Einen deutschen Antiquar, der seine Schulfreundin tot in der Badewanne findet...
Einen Kardinal aus dem Vatikan, der den Mord vertuschen möchte, und der das Turiner Grabtuch an eine mysteriöse Bruderschaft auf einer Burg am Rhein verkauft...
Eine römische Journalistin, die den Mord aufklären möchte...
Einen bei der Papstwahl übergangenen Kardinal, der aus Rache zum Teufel überläuft und die geheime Bruderschaft gründet...

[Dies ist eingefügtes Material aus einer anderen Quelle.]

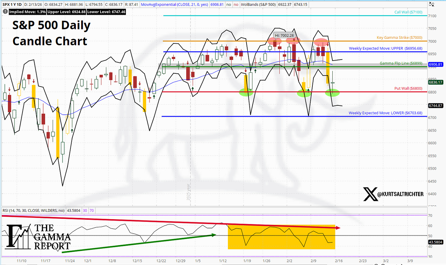 The S&P 500 opened the week at 6,965 and closed Friday at 6,836. That is a 129-point decline, roughly 1.9%. More importantly, it was the manner of the decline that matters. Monday through Wednesday held positive gamma territory, with spot sitting above the flip line. Thursday changed the structure. SPX sliced below the gamma flip level and stayed there. Dealers went from suppressing volatility to amplifying it. That is not a prediction. That is mechanics.
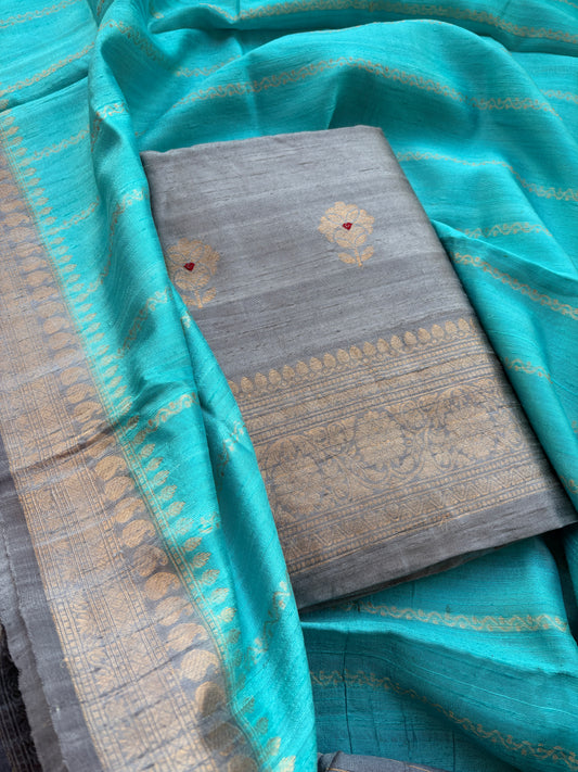Blue raw silk kurta, bottom, Chiniya kora dupatta
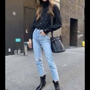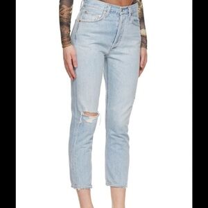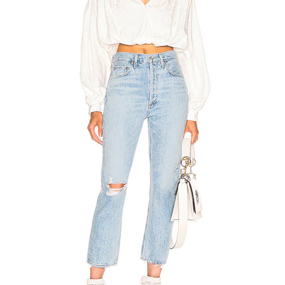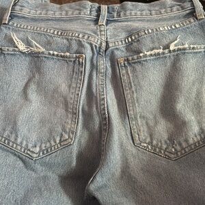 Elevate your style with these light blue distressed jeans. Perfect for a casual day out, these jeans offer comfort and a trendy look. These are a button fly closure. They have distressing throughout these are in gorgeous condition
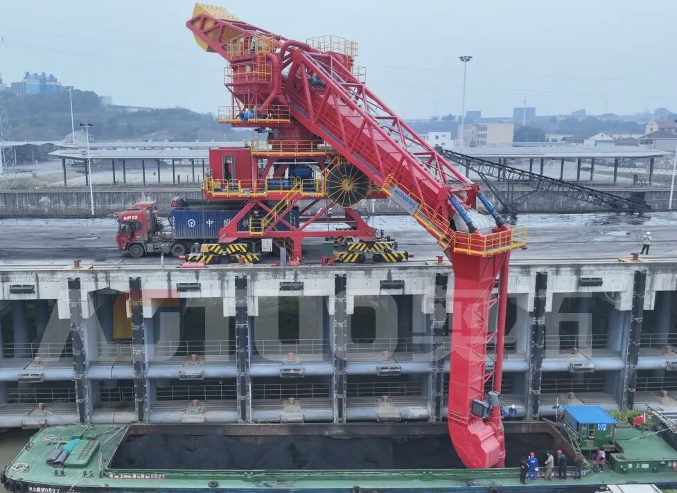 After six years of dedicated research and development and 12 months of physical operational testing, the AOTUO engineering team has finally overcome numerous technical challenges related to structure, materials, and processes. This effort has culminated in the launch of the high-end "Cement Clinker (Coal) Screw Ship Unloader and Supporting Transfer System," capable of unloading cement clinker. The system comprehensively addresses long-standing technical and operational issues in port handling, such as severe equipment wear, high energy consumption, significant dust generation, and short service life during the unloading and transfer of high-hardness bulk materials like cement clinker, coal, and ore. Additionally, the equipment incorporates intelligent obstacle avoidance and real-time condition monitoring functions, enhancing both safety and significantly reducing maintenance costs.
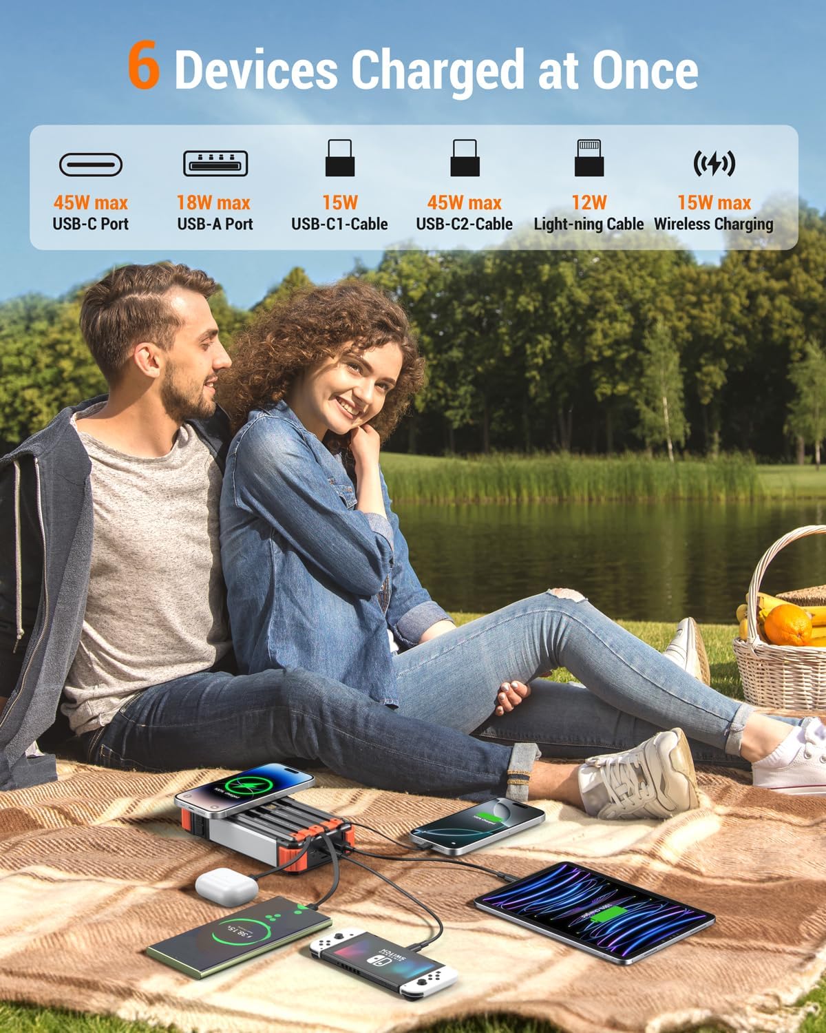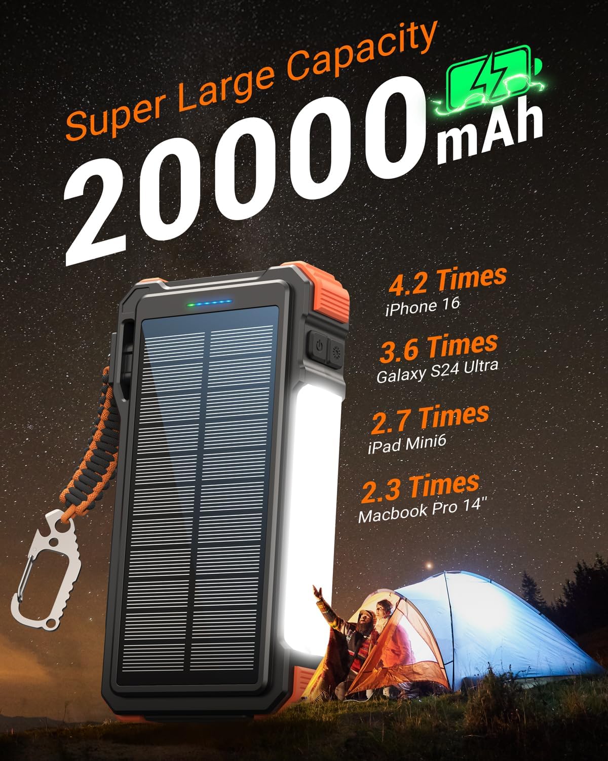 - 20000mAh capacity for multiple charges
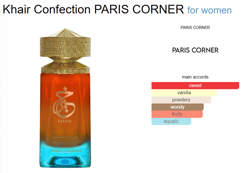ادکلن خیر کانفکشن (Paris Corner Khair Confection) از آن دسته عطرهاییست که با هر اسپری، حسی از لطافت و دلپذیری شیرینیهای تازهپخته را زنده میکند. این عطر گورماند و اغواگر با الهام از دسرهای وانیلی و خامهای، ترکیبی زنانه و جذاب ارائه میدهد که علاوه بر خوشبویی، حضوری خاص و متفاوت به شما میبخشد.این عطر همچون نامش، تداعیگر لذت شیرینیهاست؛ شروعی با طراوت گلابی و خامه فرمگرفته، سپس قلبی گلی و ابریشمی از یاس و کشمیران، و در نهایت پایانی شیرین و ماندگار از وانیل، مارشملو و چوب صندل.خانمهایی که به رایحههای خوراکی و شیرین علاقه دارندکسانی که به دنبال عطری زنانه و اغواگر برای قرارها یا مهمانیها هستندافرادی که ماندگاری و خاصبودن عطر برایشان اهمیت داردعاشقان رایحههای وانیلی و خامهای که حس “خوشمزگی” را منتقل میکند.با توجه به طبع گرم و رایحهی خوراکی، این عطر انتخابی ایدهآل برای شبهای خنک پاییز و زمستان است. در قرارهای عاشقانه، مهمانیهای شبانه، مجالس دوستانه یا حتی استفاده روزمره در فصل سرد، درخشش واقعی خود را نشان میدهد.
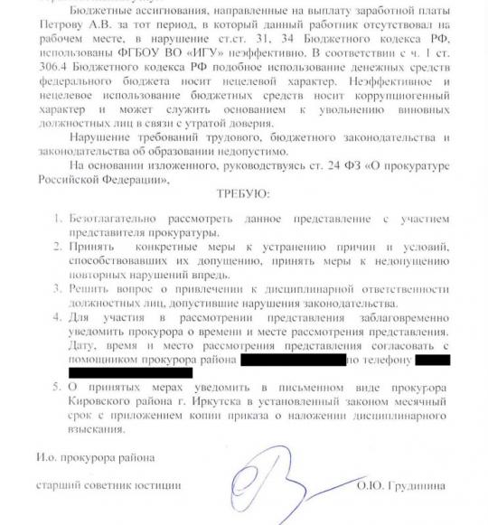 По информации «Байкал24», до сих пор неизвестно какие взыскания – хотя бы дисциплинарные – были наложены на ответственных за выявленные прокуратурой нарушения. Так что бесконечный бардак в ИГУ– он для всех, а вот отвечать за него будут только опальные сотрудники, такие, как Алексей Петров.
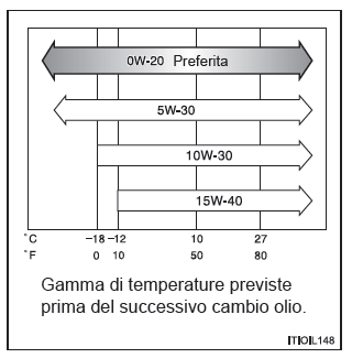 Se si utilizza un olio motore con viscosità SAE 10W-30 o superiore in presenza di temperature estremamente basse potrebbero verificarsi problemi di avviamento. Si raccomanda pertanto l'utilizzo dell'olio motore SAE 0W-20 o 5W-30.
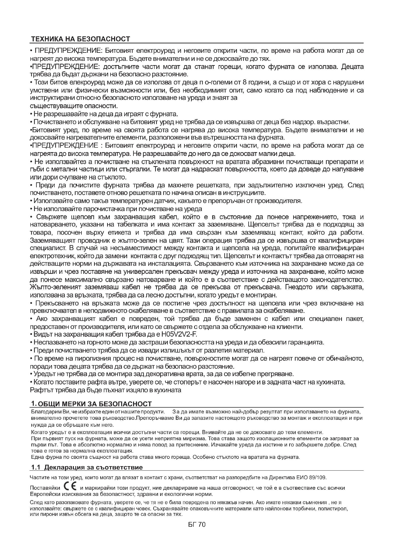 ОБЩИ МЕРКИ ЗА БЕЗОПАСНОСТ Благодарим Ви че избрахтеедин от нашите продукти, . З а да имате възможно най-добър резултат при използването на фурната, внимателно прочетете това ръководство Препоръчваме Ви да запазите настоящото ръководство за монтаж и експлоатация и при. нужда да се обръщате към него. Когатоуредътевексплоатация всички достъпни части са горещи Внивайте да не се докосвате до тези елементи.. При първият пуск на фурната може да се усети неприятна миризма Това става защото изолационните елементи се загряват за,. първи път Това е абсолютно нормално и няма повод за притеснение Изчакайте уреда да изстине и го забършете добре След... това е готов за нормална експлоатация. Една фурна по своята същност на работа става много гореща Особено стъклото на вратата на фурната.. Частите на този уред които могат да влязат в контакт с храни съответстват на разпоредбите на Директива ЕИО, , 89/109.
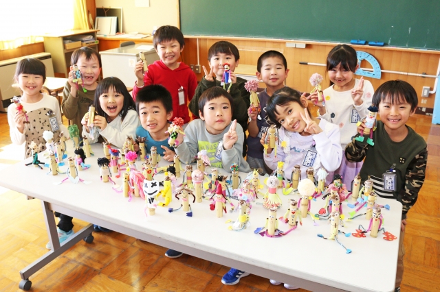「月ほたる運動」で制作した竹人形と初めて活動した北鯖石小の1年生 (2021/02/22)
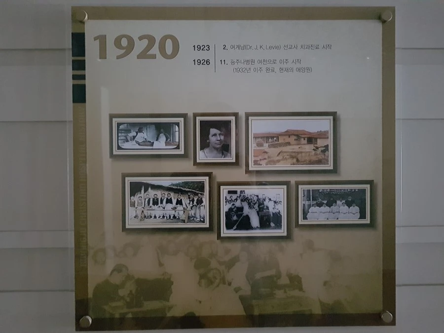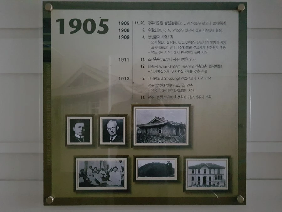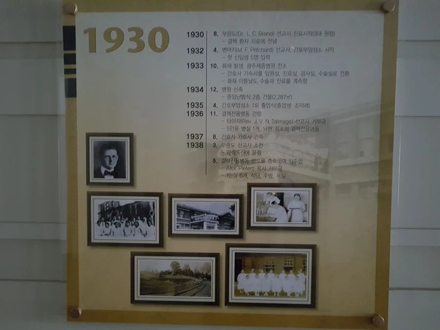 <기독병원 1층 로비에는 역사관이 있다. 역사관 내부에 년도별로 전시된 사진들>
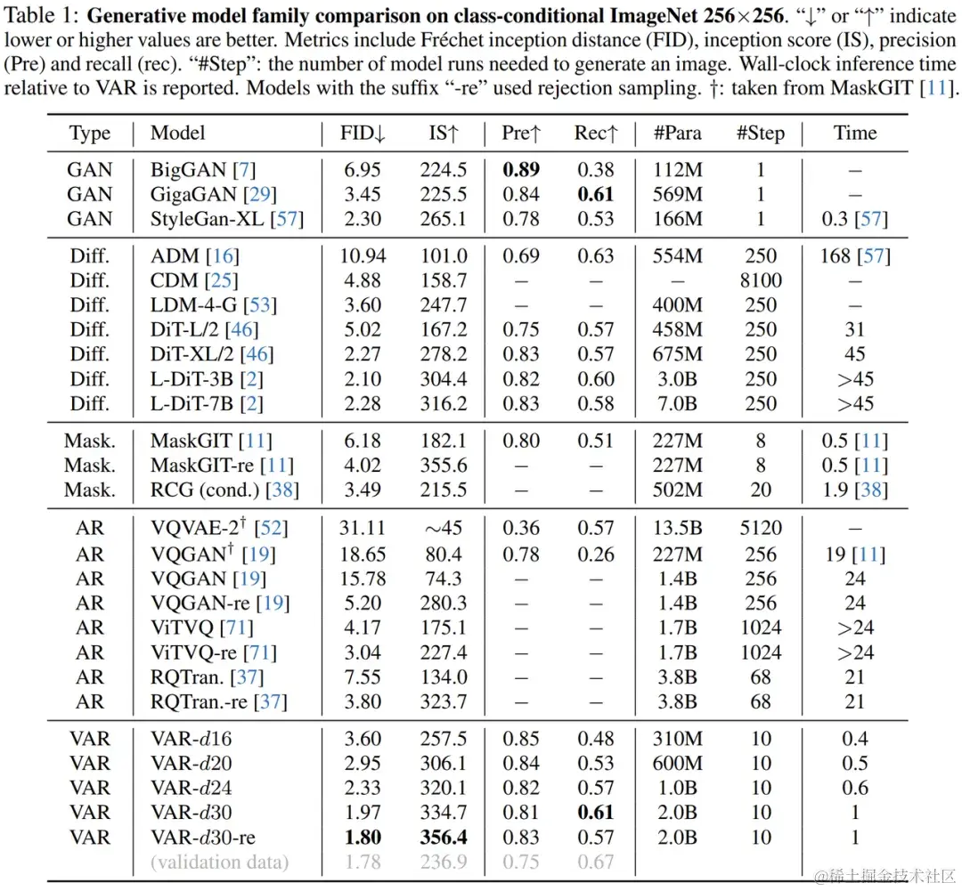 - 在图像质量指标上,VAR取得了FID 1.80、IS 356.4的SOTA水平,大幅超越了之前自回归模型的表现。
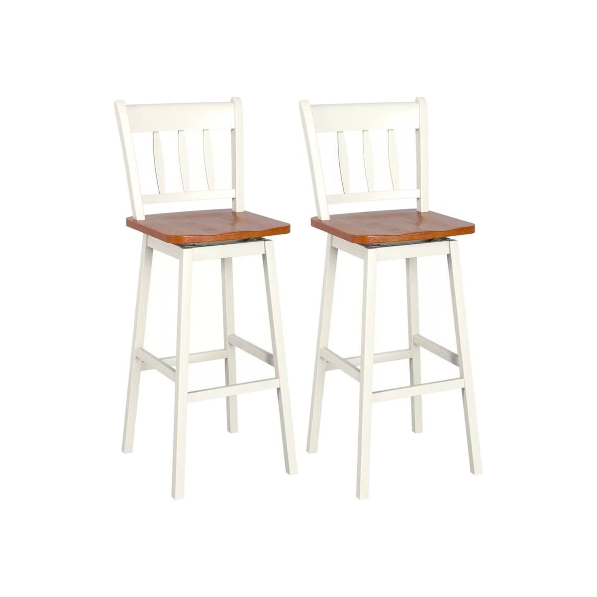 Enhance your kitchen or bar area with this set of 2 wooden swivel bar stools, designed for both comfort and style. Their classic wooden finish adds warmth to any space, while the swivel feature allows for easy movement and conversation. Perfect for counter-height surfaces, these stools provide excellent support and durability for everyday use. Ideal for casual dining, they complement various decor styles, making them a versatile choice. Upgrade your seating experience with these elegant and functional bar stools.
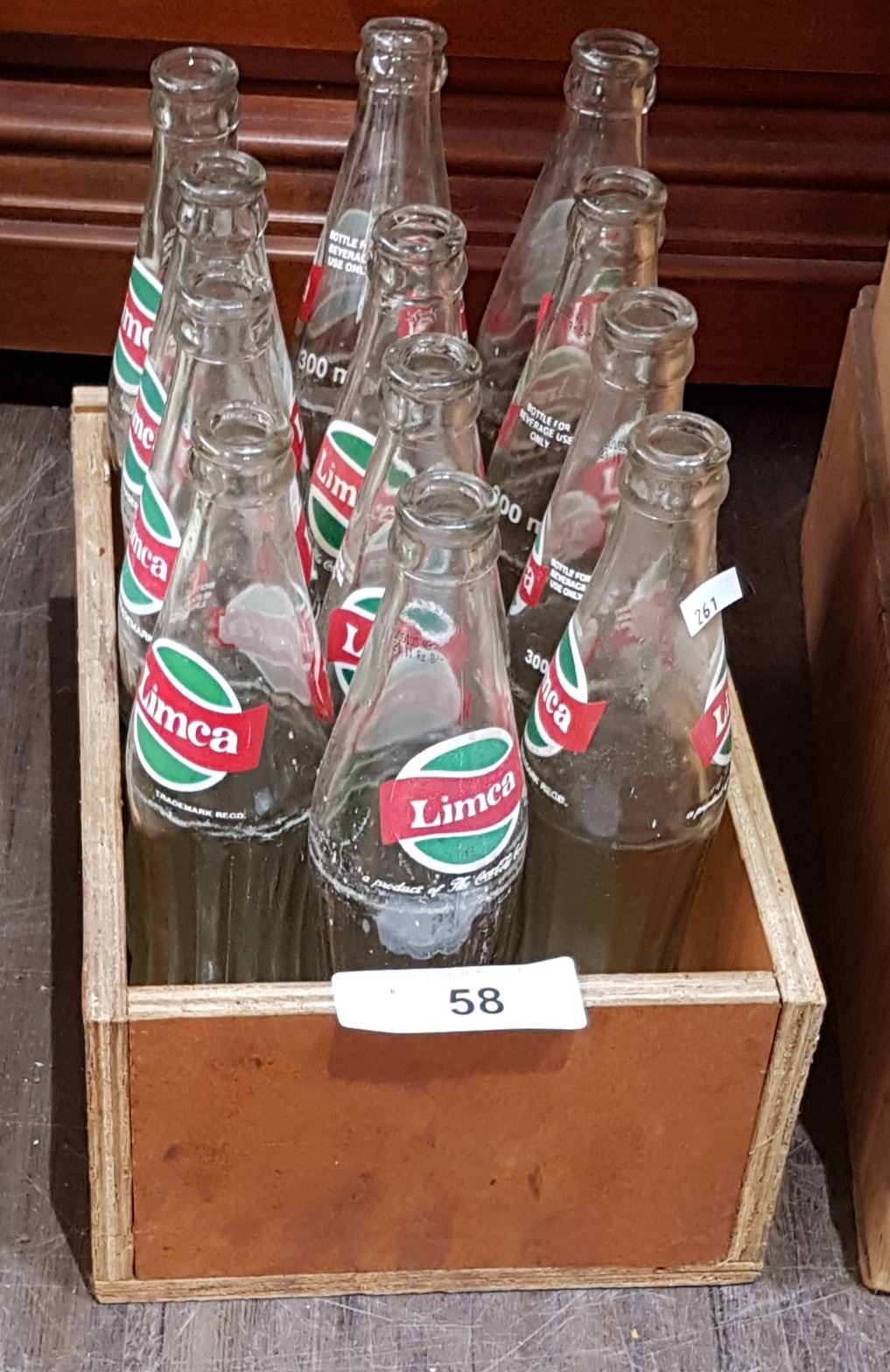 WOOD CRATE WITH 12 VINTAGE LIMCA POP BOTTLES
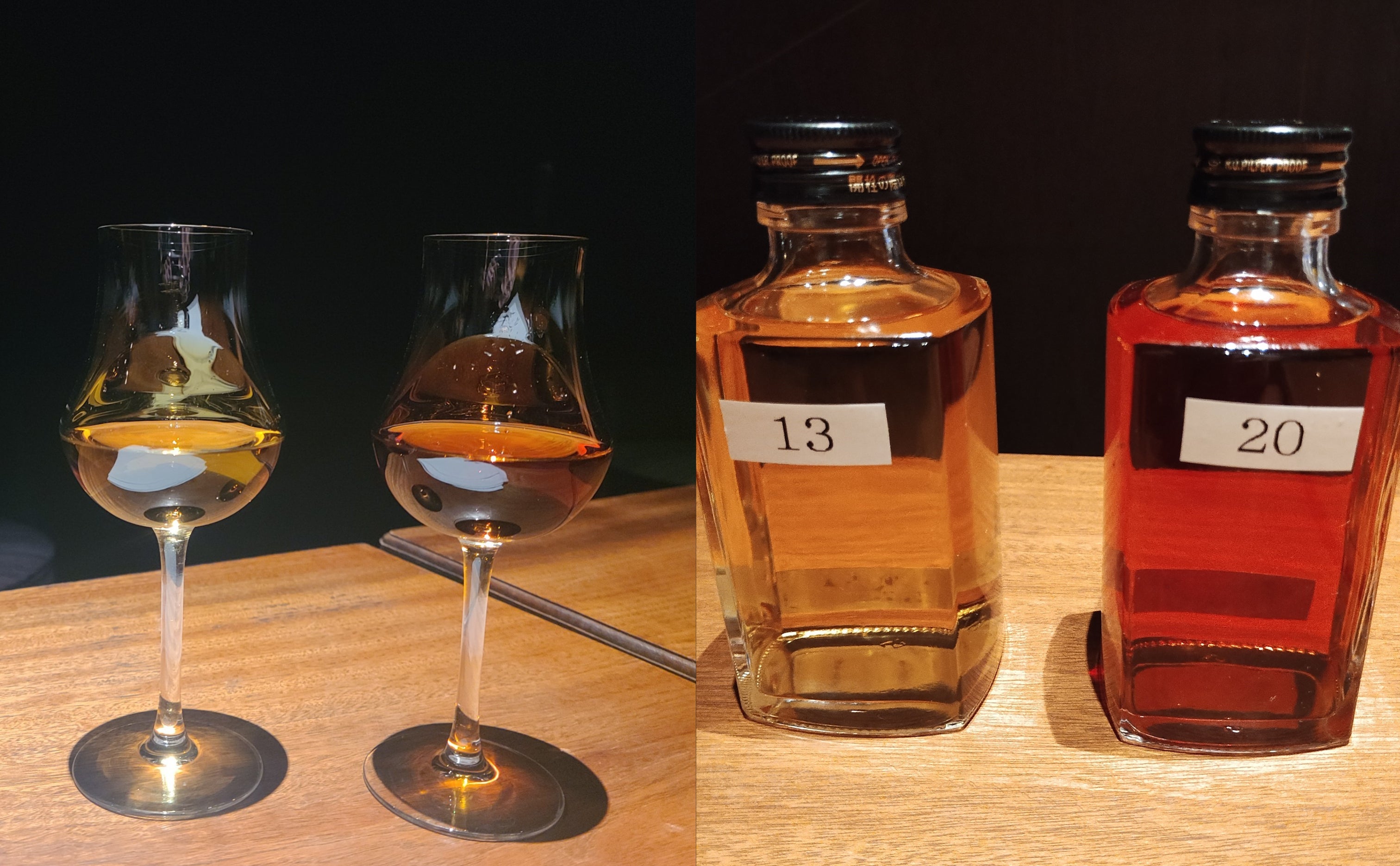※13年熟成酒と20年熟成酒の色合いの違い(グラス、瓶共に左:13年 右:20年)
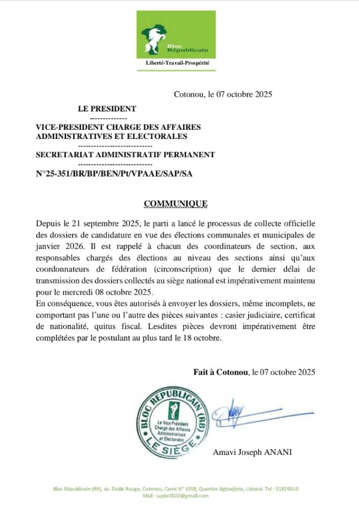 Dans un communiqué daté du 7 octobre 2025, signé par le vice-président chargé des affaires administratives et électorales, Amavi Joseph Anani, le parti Bloc Républicain (BR) rappelle à ses structures locales la rigueur du calendrier de dépôt des candidatures.
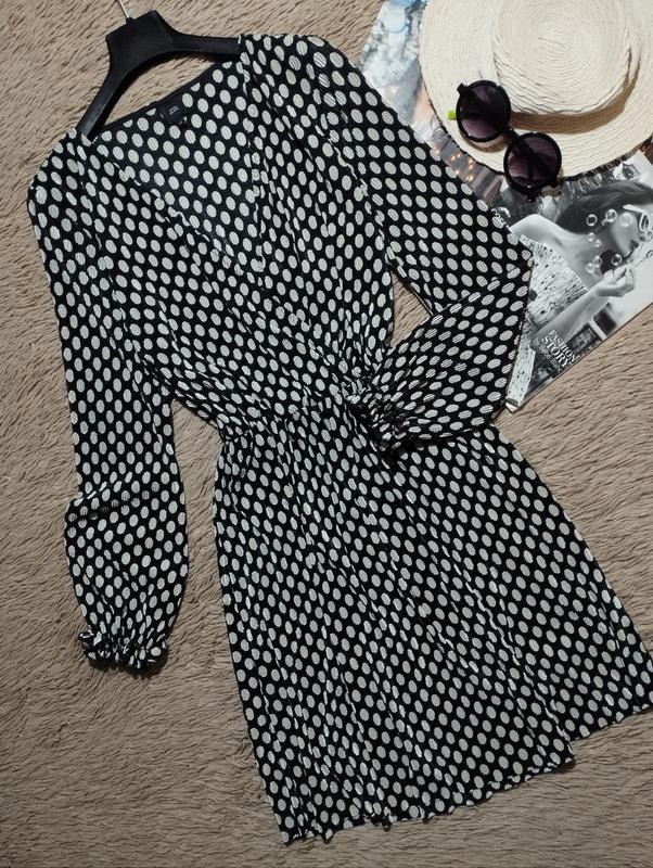 В идеальном состоянии. Шикарное платье плиссе в горошек. Тканина легка, тягнеться. Размер 12/38/M-L, но смотрите по замерам Замеры (полуобхват): Грудь 45 (тянется до 54) Талия 27 (тянется до 45) Бедра 61(тянется до 74) Рукав 57 Длина от плеча 91

Jede Menge hochrangiger Wissenschaftler, die dieser Bruderschaft angehören...
Jede Menge stehlender, betrügender, bestechlicher Geistlicher aus dem Vatikan...
Und zum Schluß: ein altes Buch mit einer verschlüsselten Botschaft...
Ich finde: das ist ein bißchen viel.
Zwar hat die Geschichte durchaus spannende Elemente, aber durch die Vielzahl der Handlungsstränge wird nichts richtig zu Ende erzählt.... Und auch der Schluß ist dann ganz "plötzlich und unerwartet..."
Allerdings: Vandenberg nun vorzuwerfen, dass er Dan Brown nacheifert, ist nicht fair: er hat schon lange vor Brown über dieses Thema geschrieben, und zwar richtig gute Thriller, wie zum Beispiel: DAS FÜNFTE EVANGELIUM.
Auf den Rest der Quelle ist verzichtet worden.